■ Activity ■
For each entry below, write an exact copy and leave out the images.
═════ Data for analysis
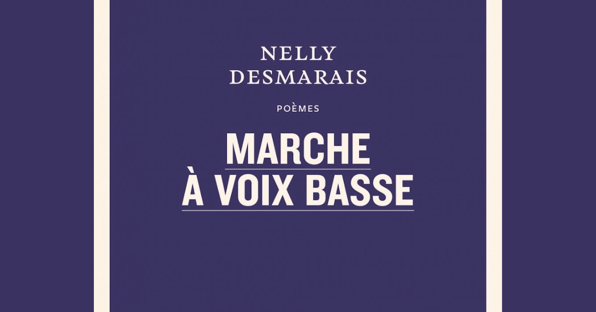 Publié chez Le Quartanier, Marche à voix basse est le premier recueil de poésie de l’autrice. La libraire Laurence Primeau, de la Librairie Poirier, en a dit ceci : « Le premier recueil de poésie de Nelly Desmarais est empreint de lieux. Il nous parle du dehors et du dedans, et d’endroits qui peuvent nous conforter ou nous hanter au gré des événements. Entre les murs d’un couvent et dans les ruelles d’Hochelaga, les environs font effet, ils nous ramènent toujours à nous-mêmes. Les traumatismes habitent le corps et l’esprit, ternissant le quotidien à notre insu. Les poèmes de Nelly se présentent tantôt comme un exutoire, une langue symptomatique, tantôt comme une remémoration, un hommage. Ils saisissent le passé, et certains souvenirs qui l’affectent dans un présent qui peut sembler éternel. Marche à voix basse est un livre éclectique, à travers les citations, les époques et les thèmes, il nous parle de l’âme et de ses différentes tonalités. »
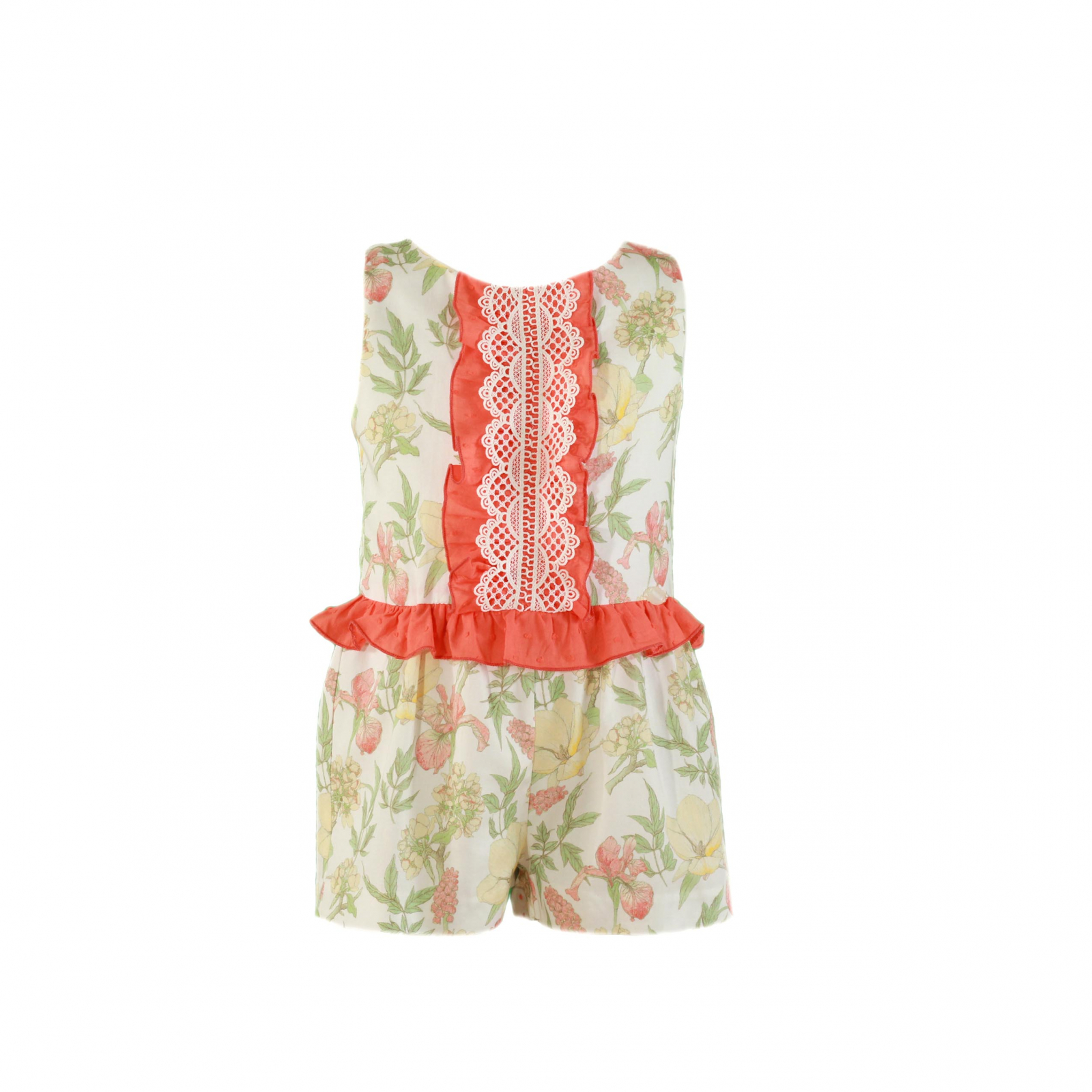 Miranda Salopeta fete Portocalie cu flori,dantela si volanase Miranda 4-10 ani
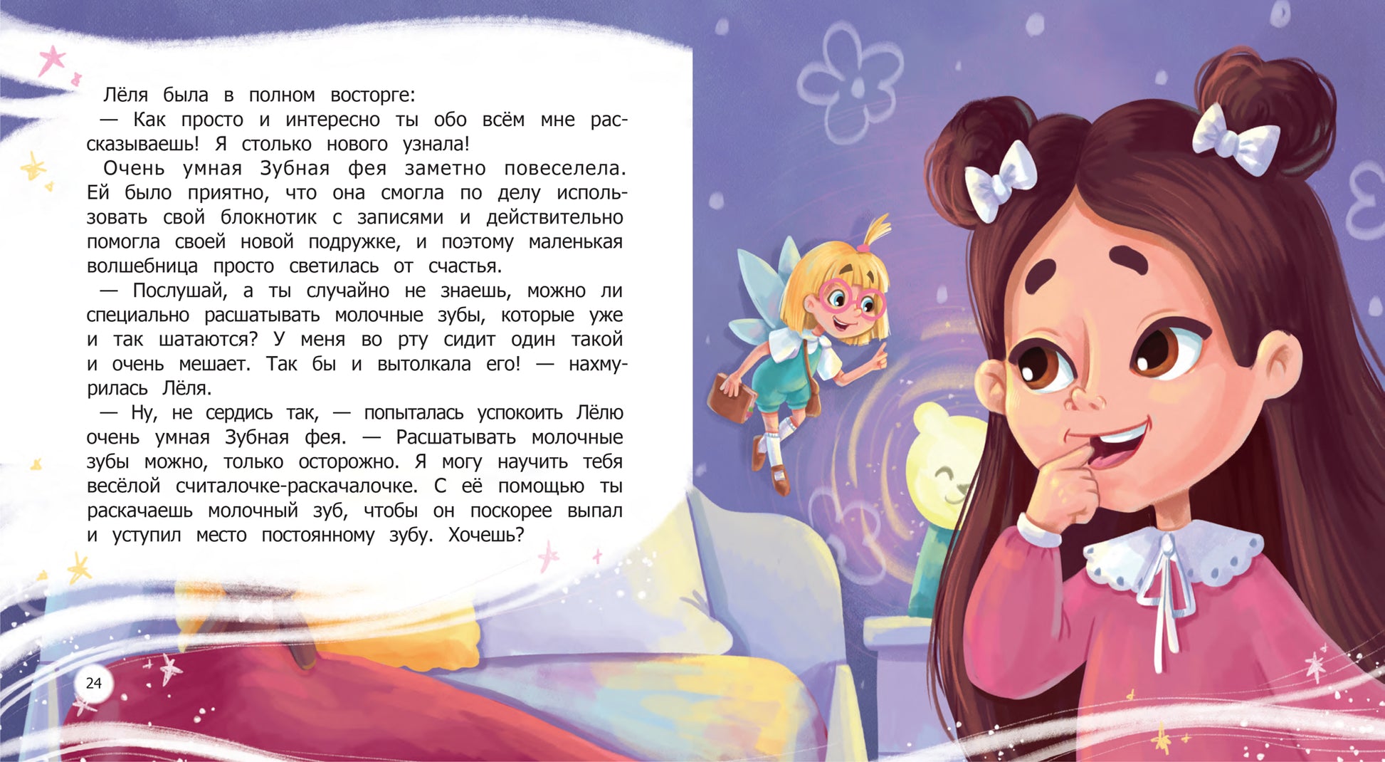 Handling time: 19 days Очень умная Зубная фея Вот и настал тот самый момент - у Лёли выпал первый зуб! Что же теперь делать? Конечно, ждать Зубную фею! Но наша фея не простая, а очень умная. Поэтому она начинает рассказывать Лёле о том, почему выпадают молочные зубы, как правильно проводить гигиену полости рта, в каких случаях можно самостоятельно удалить молочный зуб, а в каких - стоит обратиться к врачу. Весёлая история с полезными советами не только для детей, но и для их родителей.
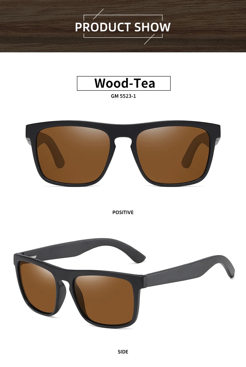 Квадратные винтажные дневные бамбуковые солнцезащитные очки GM для мужчин и женщин, деревянные поляризованные солнцезащитные очки в стиле ретро, Брендовые очки
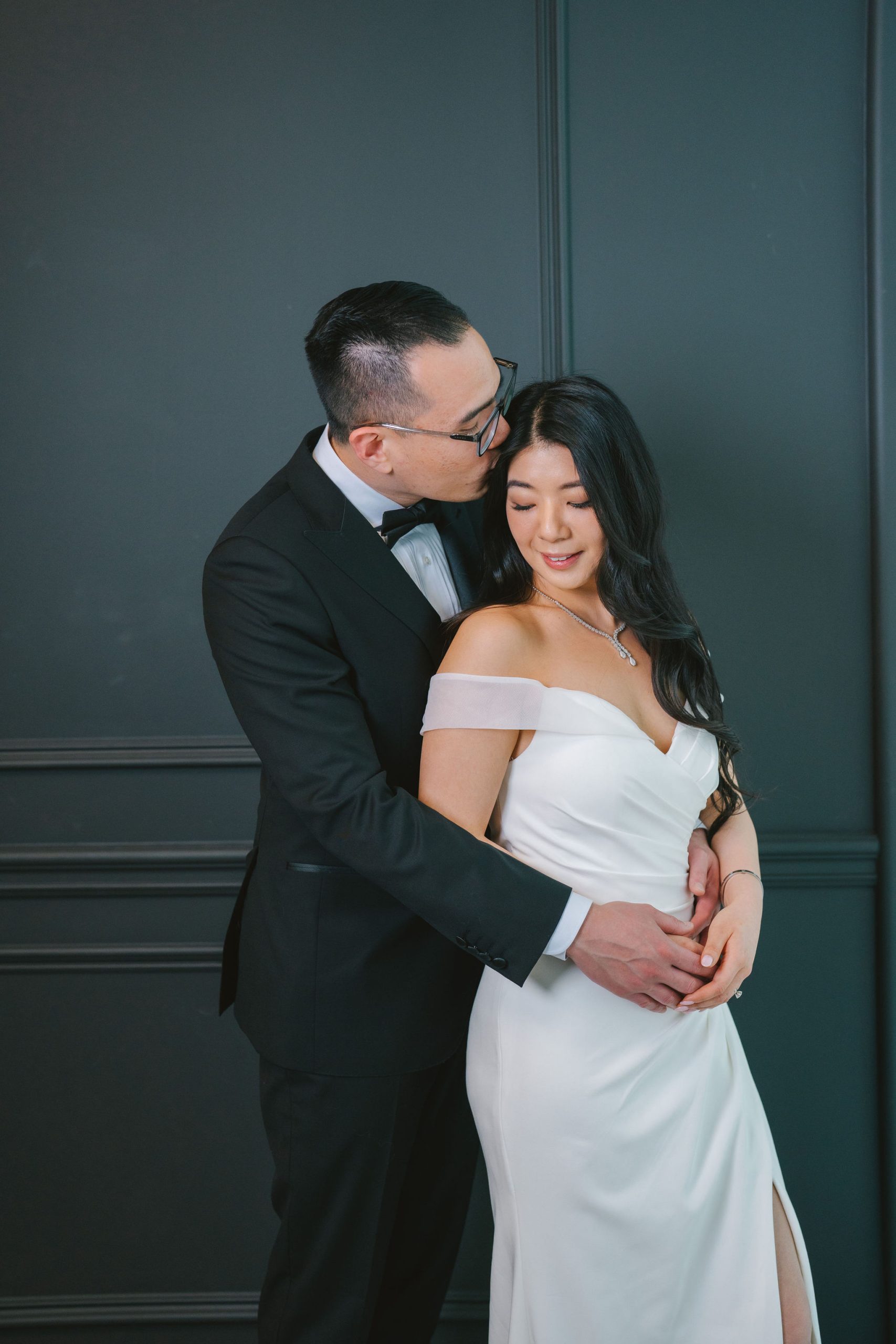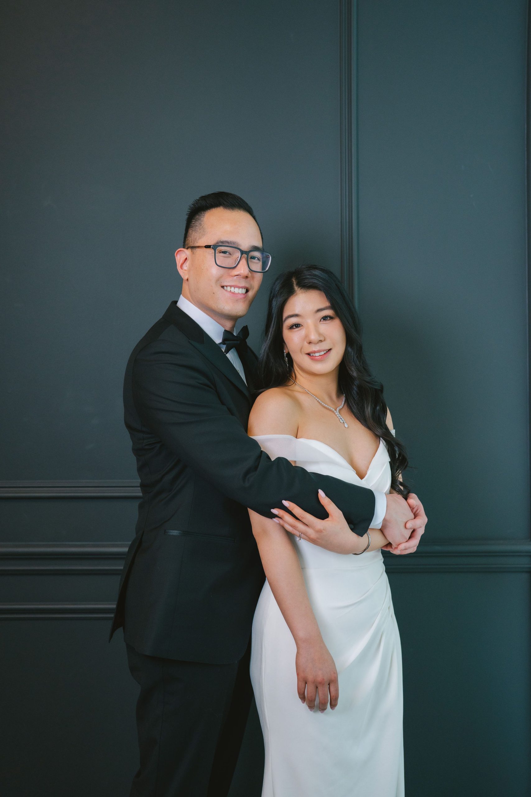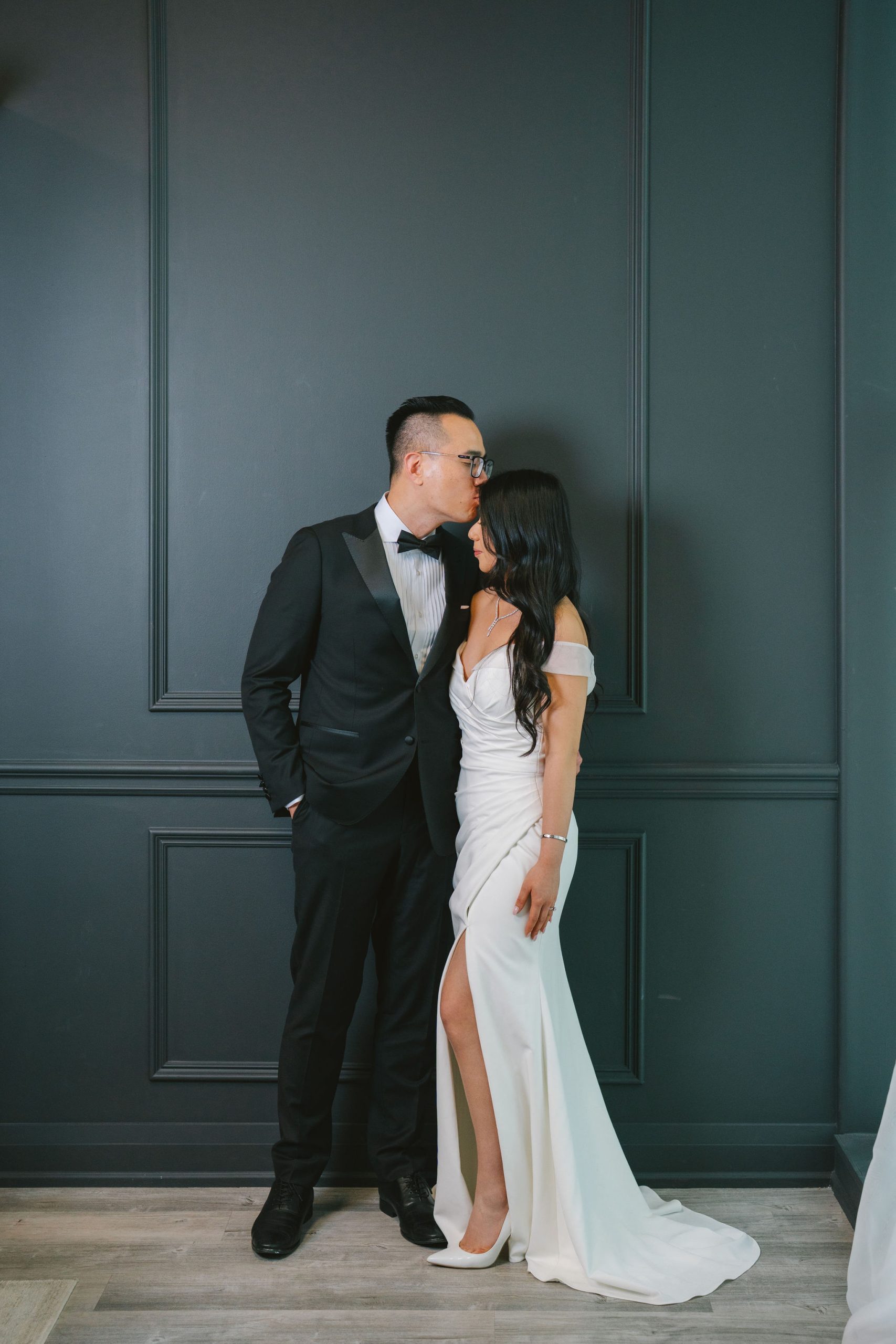 As for Wesley, he had on a black tuxedo with lapels that shone under the light, and a pair of black shoes that chameleon-ed very well with his dress pants. Because they were such a gorgeous couple, I wanted to be able to make their beauty and elegance stand out more in their pictures.
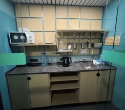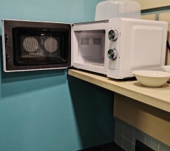 В номерах чисто, убираются каждый день (можно отказаться), на этаже была кухня с чайником, микроволновкой, посудой.
══════════
■ Written reply ■
 Publié chez Le Quartanier, Marche à voix basse est le premier recueil de poésie de l’autrice. La libraire Laurence Primeau, de la Librairie Poirier, en a dit ceci : « Le premier recueil de poésie de Nelly Desmarais est empreint de lieux. Il nous parle du dehors et du dedans, et d’endroits qui peuvent nous conforter ou nous hanter au gré des événements. Entre les murs d’un couvent et dans les ruelles d’Hochelaga, les environs font effet, ils nous ramènent toujours à nous-mêmes. Les traumatismes habitent le corps et l’esprit, ternissant le quotidien à notre insu. Les poèmes de Nelly se présentent tantôt comme un exutoire, une langue symptomatique, tantôt comme une remémoration, un hommage. Ils saisissent le passé, et certains souvenirs qui l’affectent dans un présent qui peut sembler éternel. Marche à voix basse est un livre éclectique, à travers les citations, les époques et les thèmes, il nous parle de l’âme et de ses différentes tonalités. »
 Miranda Salopeta fete Portocalie cu flori,dantela si volanase Miranda 4-10 ani
 Handling time: 19 days Очень умная Зубная фея Вот и настал тот самый момент - у Лёли выпал первый зуб! Что же теперь делать? Конечно, ждать Зубную фею! Но наша фея не простая, а очень умная. Поэтому она начинает рассказывать Лёле о том, почему выпадают молочные зубы, как правильно проводить гигиену полости рта, в каких случаях можно самостоятельно удалить молочный зуб, а в каких - стоит обратиться к врачу. Весёлая история с полезными советами не только для детей, но и для их родителей.
 Квадратные винтажные дневные бамбуковые солнцезащитные очки GM для мужчин и женщин, деревянные поляризованные солнцезащитные очки в стиле ретро, Брендовые очки
 As for Wesley, he had on a black tuxedo with lapels that shone under the light, and a pair of black shoes that chameleon-ed very well with his dress pants. Because they were such a gorgeous couple, I wanted to be able to make their beauty and elegance stand out more in their pictures.
 В номерах чисто, убираются каждый день (можно отказаться), на этаже была кухня с чайником, микроволновкой, посудой.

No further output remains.